破れた紙の断面から、冷たい空気が漏れるような感覚が燐の体を突いた。冊子の中の痕跡が、まるでそこに住んでいた小さなものたちが追い出されたかのように、剥がれ落ちる。氷室は慌てて裂け目を塞ごうとするが、その行為自体が更なる決めつけを生み、残りの痕跡を消した。
「――しまった」繭の声には、嗚咽に近いものが混じった。燐は胸が締め付けられるのを感じ、掌の汗を拭いた。目の前の冊子は、かつて彼らの触れた温度を一部分だけしか留めていない。残りは白紙に戻っていた。共同の痕跡が壊れると、代償が伴う。

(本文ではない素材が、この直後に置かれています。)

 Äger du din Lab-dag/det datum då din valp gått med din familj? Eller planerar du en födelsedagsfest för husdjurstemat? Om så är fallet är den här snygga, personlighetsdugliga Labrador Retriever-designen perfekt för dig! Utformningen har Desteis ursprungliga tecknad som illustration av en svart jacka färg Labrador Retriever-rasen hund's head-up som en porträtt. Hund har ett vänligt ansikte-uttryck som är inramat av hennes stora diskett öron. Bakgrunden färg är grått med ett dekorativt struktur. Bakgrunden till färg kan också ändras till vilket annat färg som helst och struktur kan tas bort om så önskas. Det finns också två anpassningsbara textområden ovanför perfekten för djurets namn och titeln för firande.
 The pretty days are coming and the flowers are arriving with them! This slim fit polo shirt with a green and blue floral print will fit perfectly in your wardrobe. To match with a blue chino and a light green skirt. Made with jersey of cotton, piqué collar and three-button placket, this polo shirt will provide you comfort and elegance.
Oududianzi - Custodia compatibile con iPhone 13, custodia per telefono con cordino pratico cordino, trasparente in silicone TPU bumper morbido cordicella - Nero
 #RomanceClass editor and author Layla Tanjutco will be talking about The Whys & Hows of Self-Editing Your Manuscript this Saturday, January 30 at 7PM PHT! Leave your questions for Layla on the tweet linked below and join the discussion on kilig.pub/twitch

ちいさな代償だが、現実にはっきりと感じられるものだった。
「あなたたち、何をしている!」扉が勢いよく開き、夜間巡回の教師が顔をのぞかせた。氷室は即座に整った姿勢を取り、表情を鎮めた。「こんなところで不正な活動をするつもりか?」
言葉の刃を避けるように、燐は冷静を装って答えた。「共同で本を作っていただけです。学内のアンケートに協力してもらおうと──」
氷室は気付かぬふりをした。彼女の眼差しの片隅には、裂けた冊子の中に残るかすかな痕跡が光っているのが見えた。そこに、「父」と「窓」と「眠れない夜」という三つの影がまだ残っていた。彼女は手を固く握りしめ、ゆっくりと口を開いた。

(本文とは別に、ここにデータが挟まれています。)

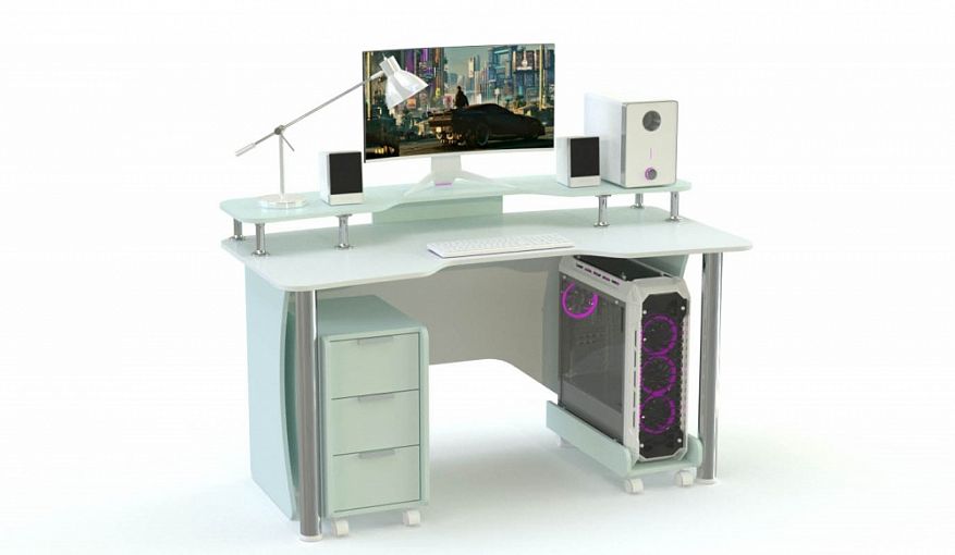 Игровой стол Афина-8 BMS станет практичным выбором для небольших помещений. Безопасно скругленная по углам, модель выполнена в сочетании белого и серого, угловые опоры из ЛДСП дополнены регулируемыми хромированными. С комфортом расположиться во время продолжительной игровой сессии и компактно разместить технику и рабочие материалы помогут эргономично вырезанная столешница с надстройкой, мобильная тумба и подкатная подставка для системного блока. Купить игровой стол Афина-8 BMS приглашаем в наш интернет-магазин.
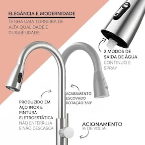 Torneira gourmet elegante e de excelente qualidade. Acabamento perfeito, oferece praticidade no dia a dia. Com misturador monocomando de água quente e fria, proporciona a temperatura ideal.
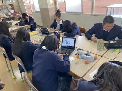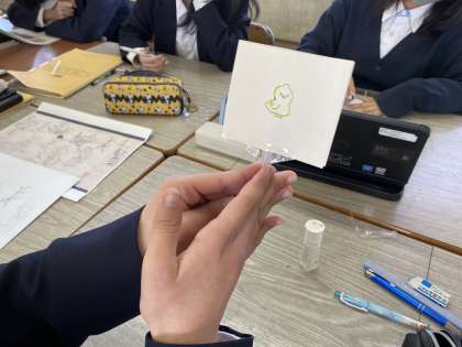 10センチほどの棒に裏表の絵を貼り、くるくる回すとパラパラ漫画になります。面白いです。3枚めの写真の作品はパラパラすると、カゴの中の鳥が飛び出すように見えます。先生が絶賛した作品です。素晴らしい。
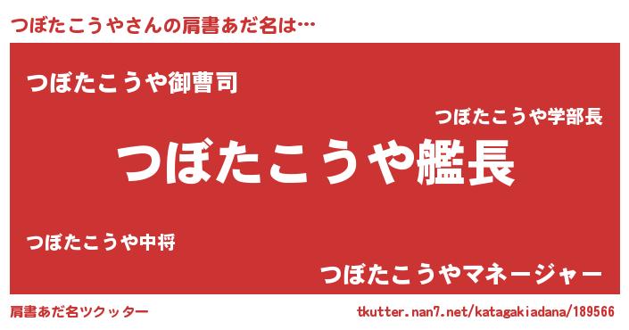 | ヒーロー風カッコイイあだ名 | 『スーパーツボタコウヤ』『幻影騎士ツボ』 |

「あなたたちはその──その痕跡を、人に見せるつもりなのか」声は抑えられていたが、震えは止まらなかった。彼女が言葉を選ぶたびに、燐の頭の中に父親の影の断片が浮かんだ。整った部屋、計画通りに進む日々、そして窓外の暗い景色。彼女が守ろうとしていたものが、守られるべきではないものを生んでいる可能性が、燐には急に重くのしかかった。

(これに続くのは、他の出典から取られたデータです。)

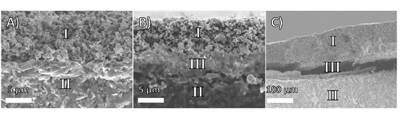 (A-C)在(A)700℃下1小时,(B)750℃下1小时,和(C)800℃下5小时的空气中烧成后的LAGP/LMNO界面SEM显微照片
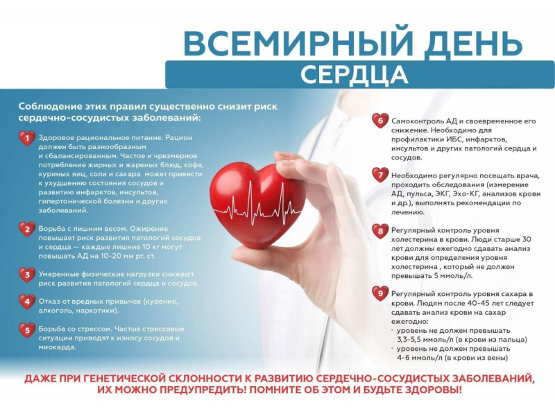 Цель Всемирного дня сердца — привлечь внимание общества к вопросам сохранения здоровья и подчеркнуть важность профилактики сердечно-сосудистых заболеваний, которые являются главной причиной смертности людей во всём мире.
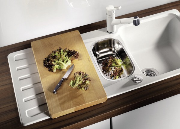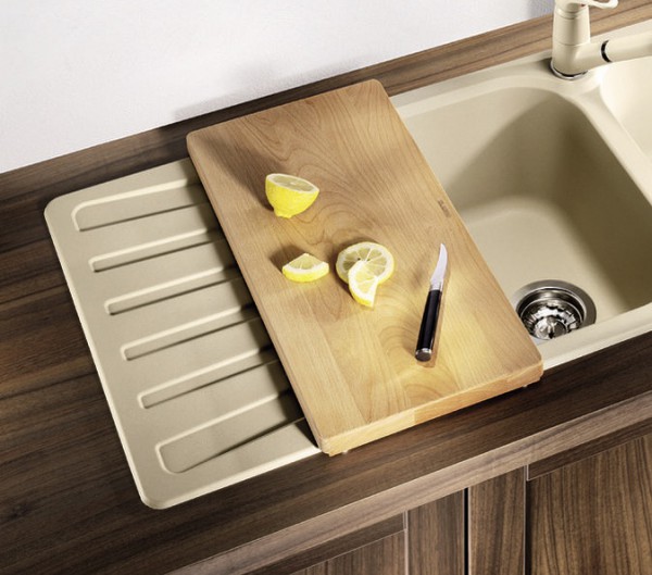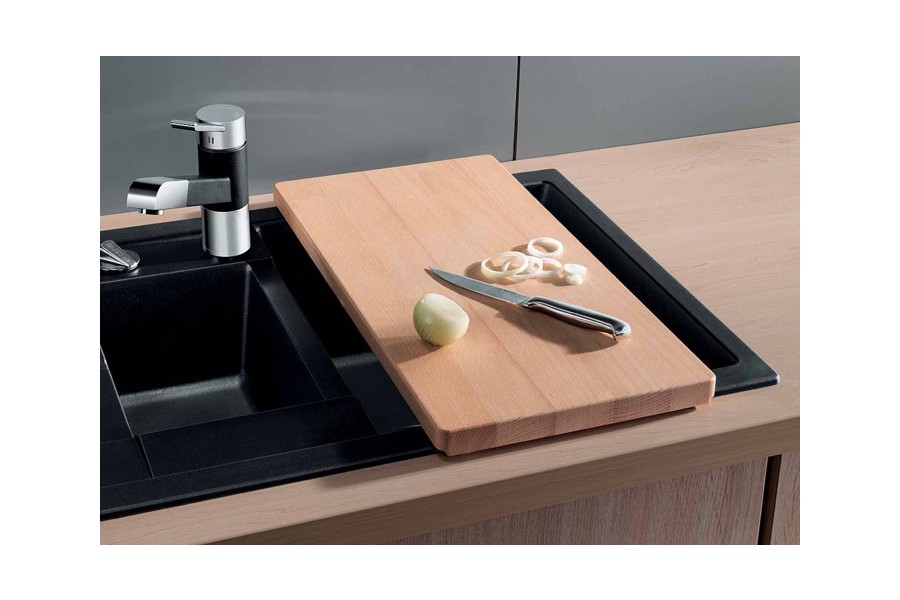 Обробна дошка Blanco (218313) ідеально підходить для функціонального і дизайнерського доповнення кухонного простору. Зручні розміри і форма для комфортної роботи на кухні. Профілі обробної дошки дозволяють встановлювати її безпосередньо в мийку або на крило - для отримання додаткової робочої поверхні. Обробна дошка виконується спеціальним жолобком під стік рідини. Фіксується за краю мийки шириною 500 мм спеціальними ніжками-фіксаторами.

巡回教師がこちらを睨む。「規則にない行為だ。夜間の施設使用は申請が必要──」
氷室はふっと笑ったように見えた。その笑みは白く、切れ切れで、救いを求めるようでもあった。「私は許可する。だが一つ条件がある。痕跡をそのまま使うことはしない。学校のために、調整する。」
その「調整」という言葉は、ここでは政治的な意味を持つ。評定盤に関わる者たちが使う、選択を数字に落とし込む行為だ。燐の手に、ぶんと熱が走る。痕跡を社会的な秩序に翻訳することは、誰かの選択を消すことになる。だが、氷室の声の裏にある疲弊は、彼女が単なる冷徹な官僚ではないことを告げていた。父の期待、学校の名声、そして彼女自身が秩序によって守られてきた脆さ。